Visualizations are implemented with Keras, a high-level neural networks API written in Python and capable of running on top of Tensorflow, and Keras-vis, a high-level toolkit for visualizing and debugging trained keras neural networks models.

These visualizations are proposed in the form of a web application developed with Flask.

Preview

models management page

models management page

models management page

Installation

Install Python 3

sudo apt-get update
sudo apt-get install python3.6

Create virtual environment

virtualenv -p python3 PDPDEEPVISENV

Activate virtual environment

source PDPDEEPVISENV/bin/activate

Install dependencies in virtual environment

pip install -r requirements.txt

Start development server

python run.py

The application is available at http://localhost:8080/.

Load deep learning models with pre-trained weights

If you want to quickly experiment or you don't have any trained model available, you can easily load a model with weights pre-trained on ImageNet :

  python ./models/generate_models.py <name_1> <name_2> ...

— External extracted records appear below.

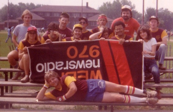 The WEBR softball team, circa 1978. The team was named the Revolving Doors because of the frequent staff turnover. Some team members seen in the photo: In front, Paul Hamilton; middle row, from left: Maureen Rasp-Glose, Budd Bailey, Brad Krohn, unidentified staffer, Greg Mott, Dawn Hamilton; back row, Scott Brown, Leon Thomas Lewek, Sally Lewek, unidentified reporter, Dennis Keefe and Sam Anson. (Photo courtesy Budd Bailey)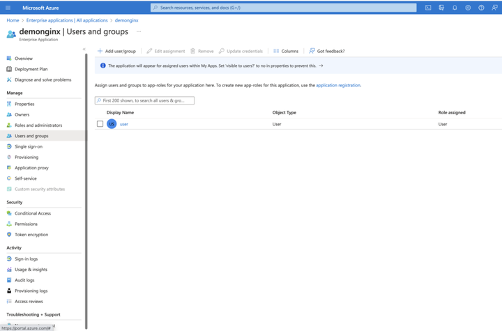 注:在此演示中,修改了属性和声明,并添加了新的 SAML 属性。这些 SAML 属性由 IdP 发送。确保已将 NGINX 配置设置为正常接收和处理这些属性。您可以在 NGINX GitHub 仓库中查看并调整相关设置。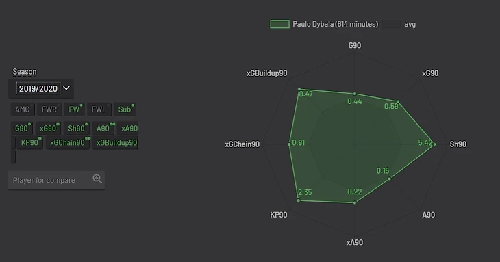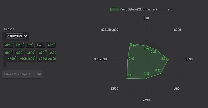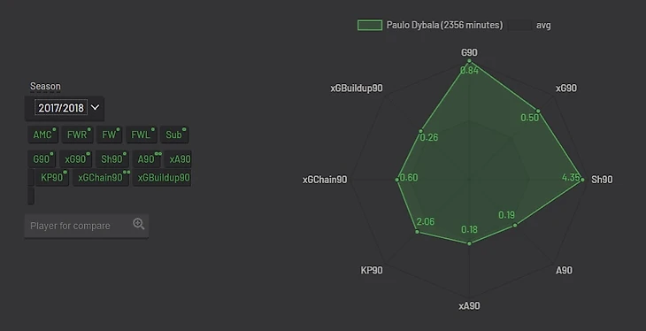 Вы можете видеть статистику Дибалы до прихода Роналду – бросается в глаза количество ударов и голов. Пауло вносил серьезный вклад в Роббеновском стиле: смещался справа, бил издали или врывался в штрафную, либо вообще играл изначально на острие, второго нападающего.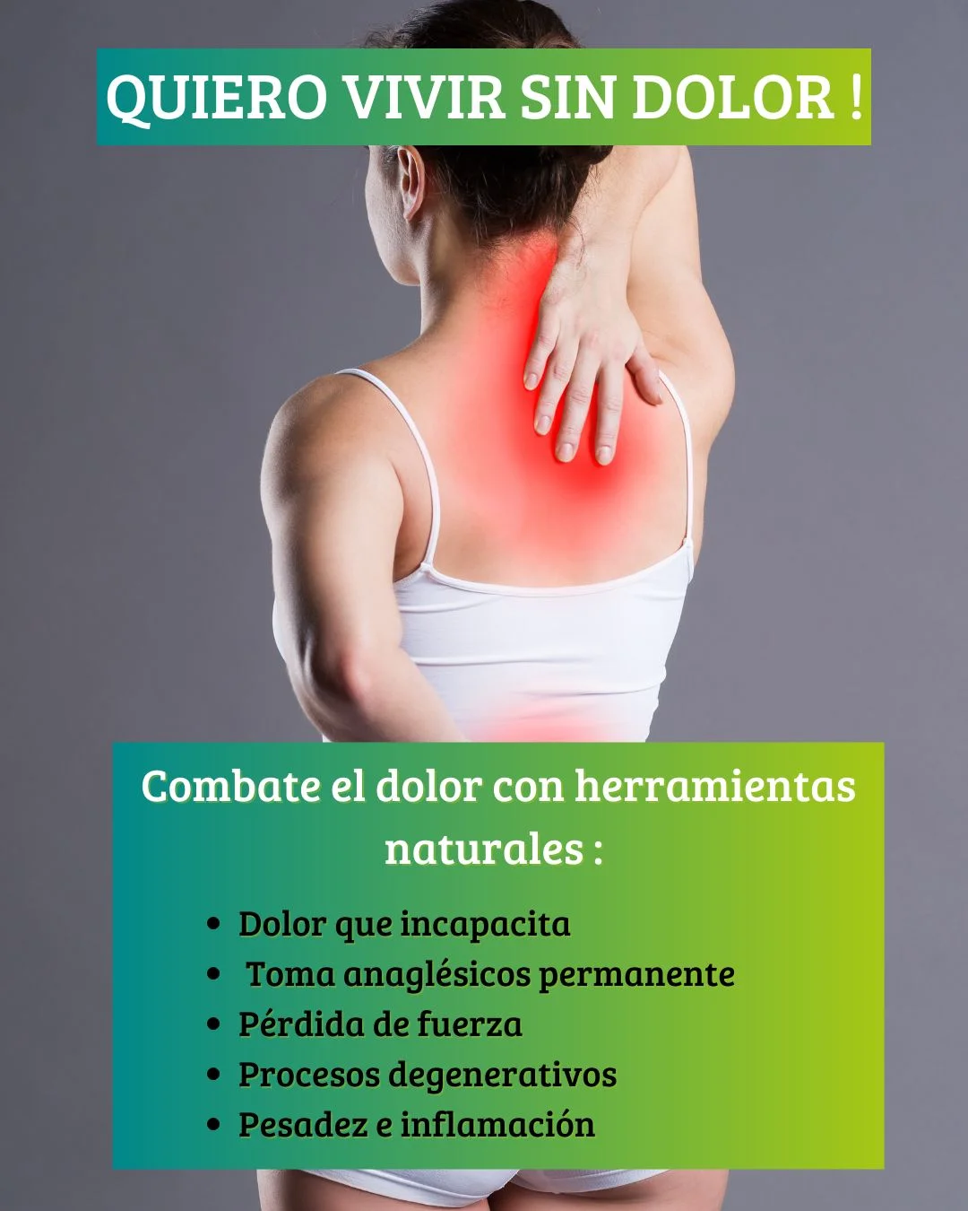 En mi consulta manejo medicamentos naturales basados en fitoterapia y homeopatía enfocados en regular  trastornos inflamatorios y de pérdida acelerada de líquido sinovial,  lo que contribuye a la generación de espasmos musculares y dificultades con el tránsito circulatorio y linfáticos generadores de inflamación, pesadez y dolor muscular y articular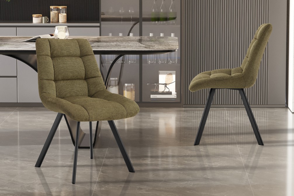 eetkamerstoel groen met blokmotief stiksels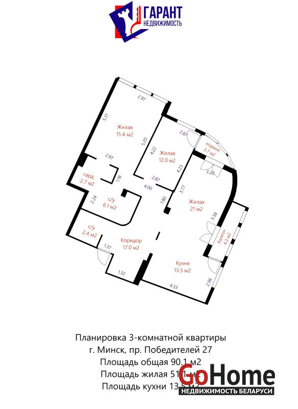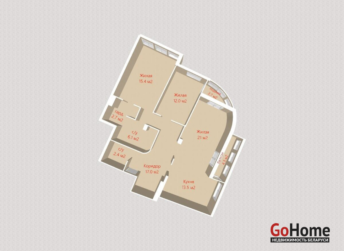 Просторная планировка – общая площадь 95.0 кв.м. Кухня 13,5 квадратов, гостиная 21,0 кв.м., две спальни 12,0 кв.м., и 15,4 кв.м. Отдельная гардеробна, а также постирочная.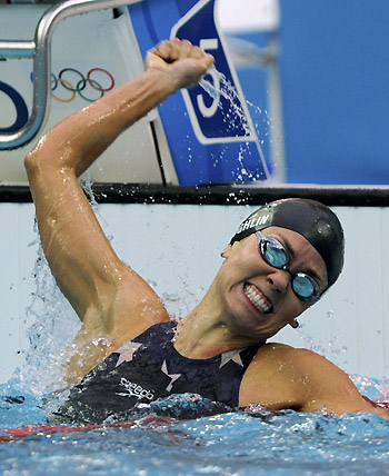 Natalie Coughlin of the U.S. celebrates winning the women's 100m backstroke swimming final at the National Aquatics Center during the 2008 Beijing Olympics August 12, 2008. [Agencies]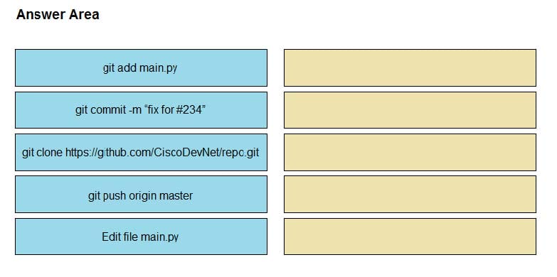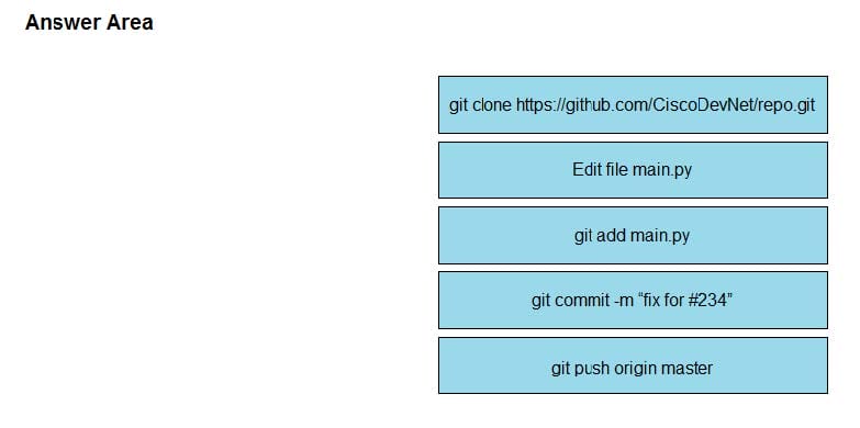 Drag and drop the git commands/steps from the left into the correct order on the right to make changes and submit code to a remote repository.
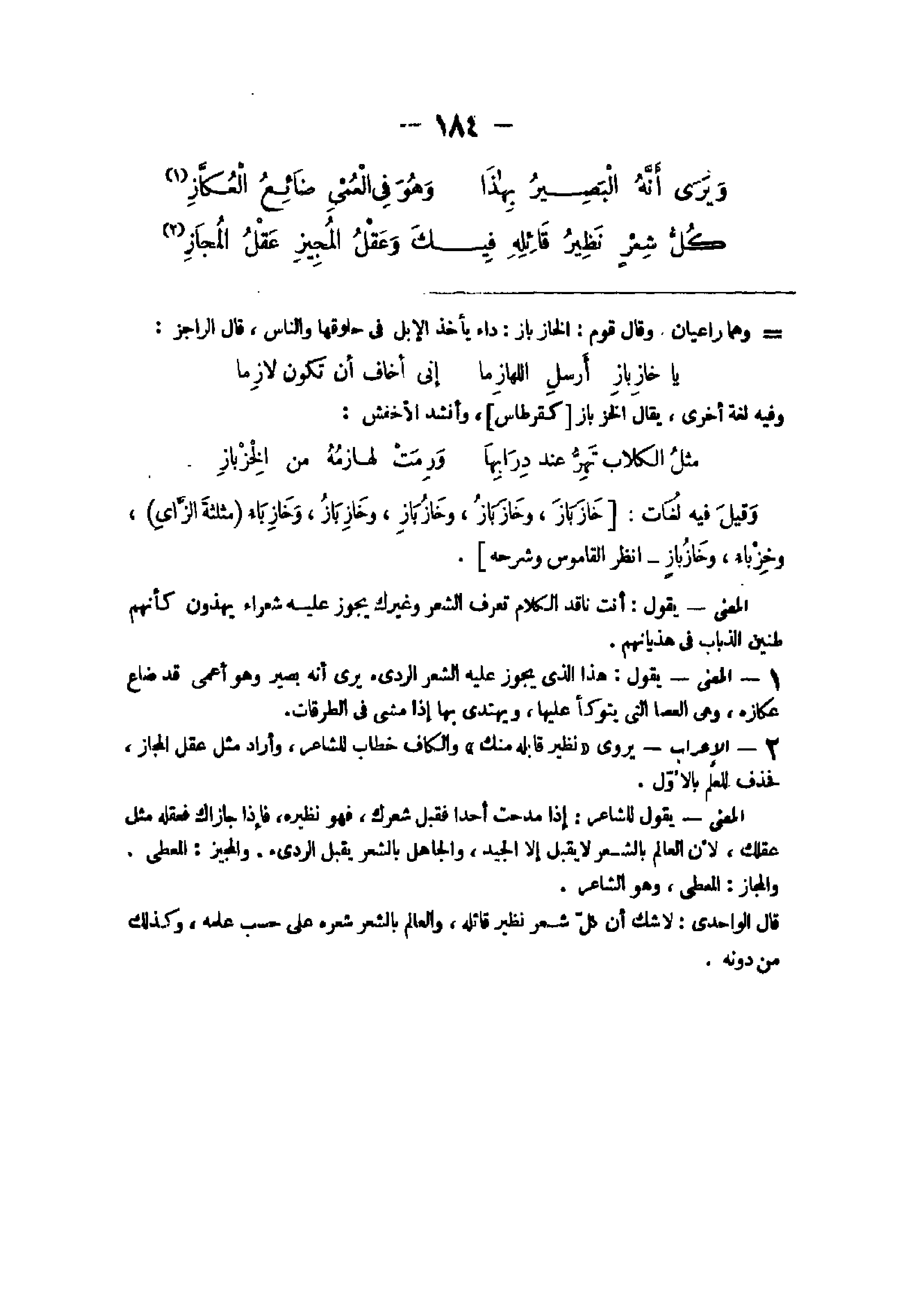 - الْمَعْنى يَقُول هَذَا الذى يجوز عَلَيْهِ الشّعْر الردئ يرى أَنه بَصِير وَهُوَ أعمى قد ضَاعَ عكازه وهى الْعَصَا الَّتِى يتَوَكَّأ عَلَيْهَا ويهتدى بهَا إِذا مَشى فى الطرقات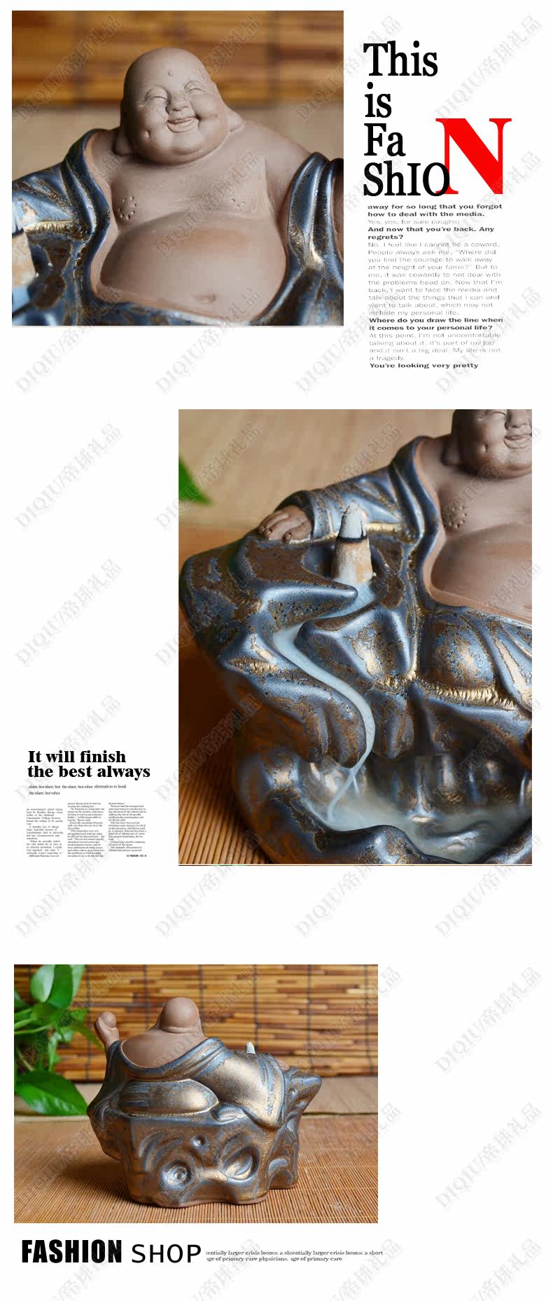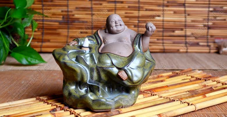 陶瓷时来运转大肚弥勒倒流香炉笑佛平安佛香薰炉家居饰品摆件

Three models are available with this command :

  • "VGG16" : a 22-layers network trained on ImageNet, with a default input size of 224x224.
  • "ResNet50" : a 175-layers network trained on ImageNet, with a default input size of 224x224.
  • "NASNetLarge" : a 1021-layers network trained on ImageNet, with a default input size of 331x331.

Models loaded with this command are generated in the "models" directory.